Work order:
Only the lines from the one containing "beibijio - شنطة" through the end of the data are wanted, reproduced exactly and without pictures.

Given information:
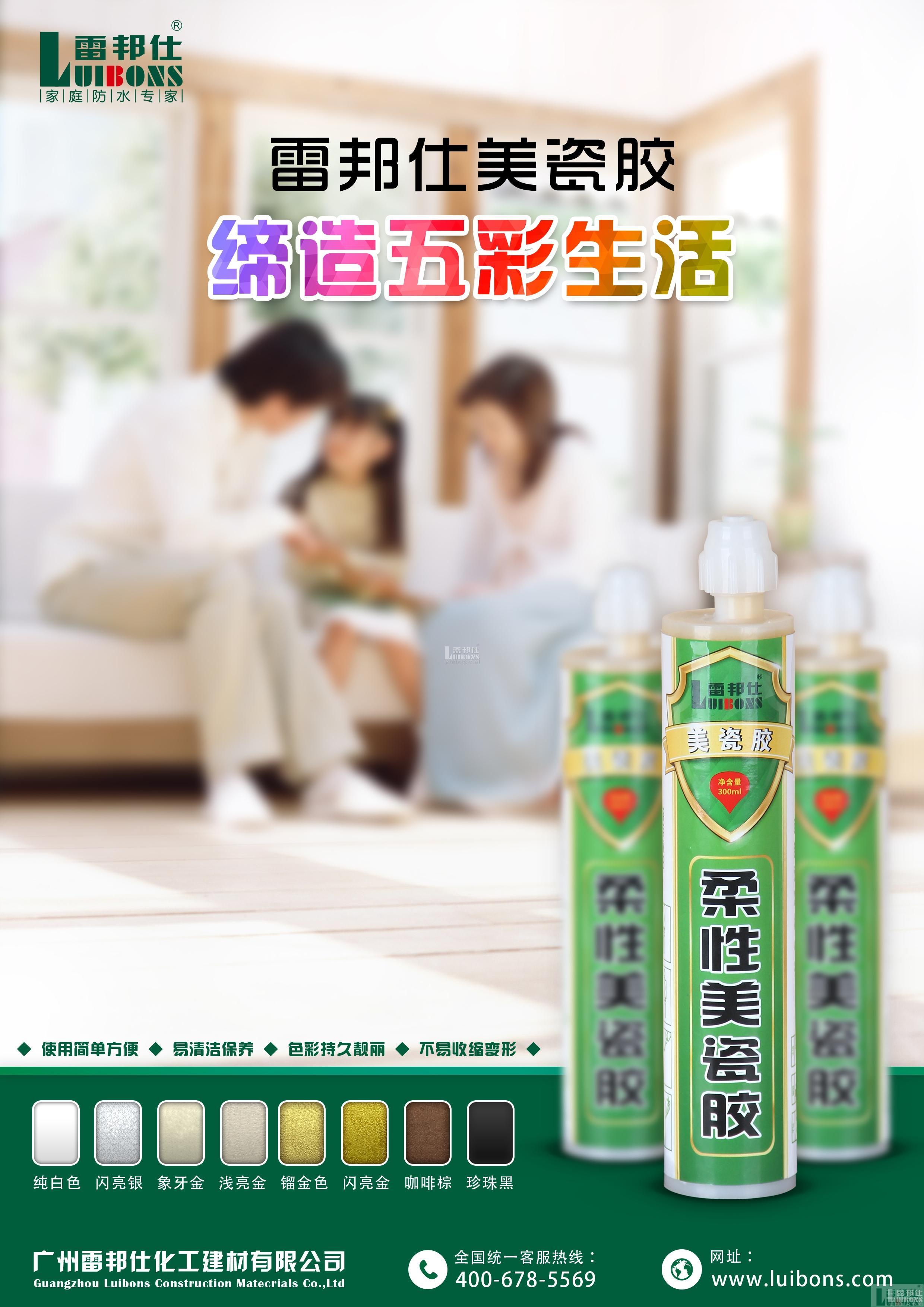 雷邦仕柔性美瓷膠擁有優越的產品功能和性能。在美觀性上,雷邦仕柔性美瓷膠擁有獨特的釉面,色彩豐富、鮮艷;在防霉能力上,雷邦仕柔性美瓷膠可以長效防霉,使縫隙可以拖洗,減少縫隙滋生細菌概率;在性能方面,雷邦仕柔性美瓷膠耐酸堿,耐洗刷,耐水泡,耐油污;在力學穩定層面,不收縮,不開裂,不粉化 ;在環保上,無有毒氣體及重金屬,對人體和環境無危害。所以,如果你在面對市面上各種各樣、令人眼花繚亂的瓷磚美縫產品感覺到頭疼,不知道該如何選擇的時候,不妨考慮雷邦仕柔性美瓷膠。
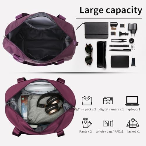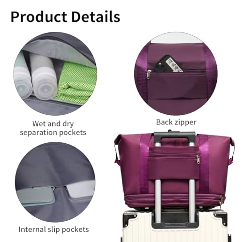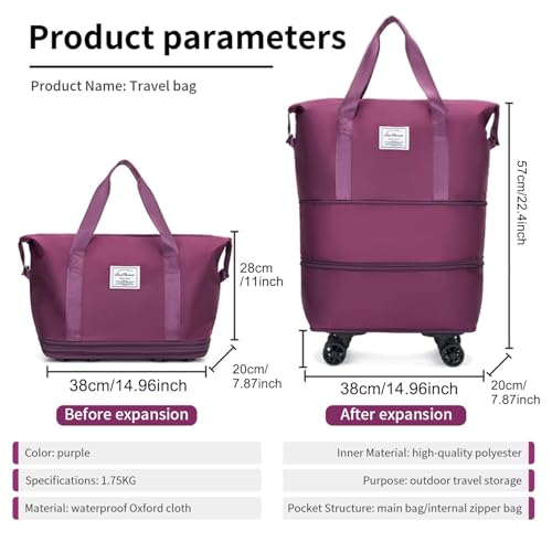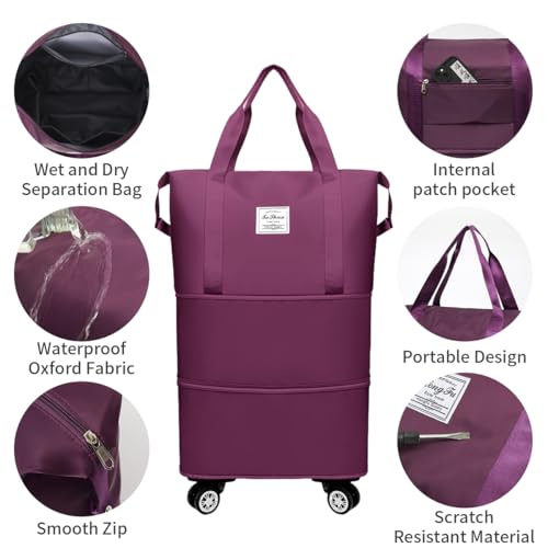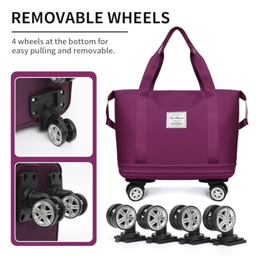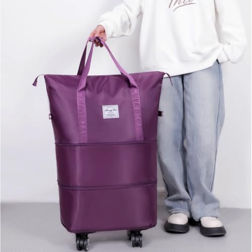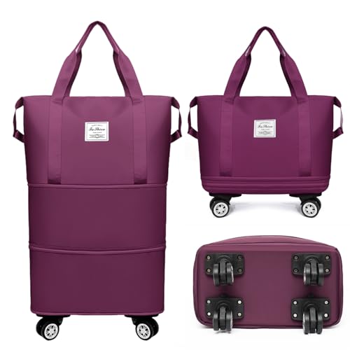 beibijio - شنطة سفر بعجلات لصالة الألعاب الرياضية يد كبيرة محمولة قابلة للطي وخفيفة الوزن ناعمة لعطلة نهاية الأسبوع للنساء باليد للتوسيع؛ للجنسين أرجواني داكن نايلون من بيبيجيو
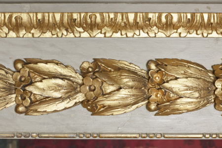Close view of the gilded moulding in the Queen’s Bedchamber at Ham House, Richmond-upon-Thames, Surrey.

Solved exercise:
 beibijio - شنطة سفر بعجلات لصالة الألعاب الرياضية يد كبيرة محمولة قابلة للطي وخفيفة الوزن ناعمة لعطلة نهاية الأسبوع للنساء باليد للتوسيع؛ للجنسين أرجواني داكن نايلون من بيبيجيو
Close view of the gilded moulding in the Queen’s Bedchamber at Ham House, Richmond-upon-Thames, Surrey.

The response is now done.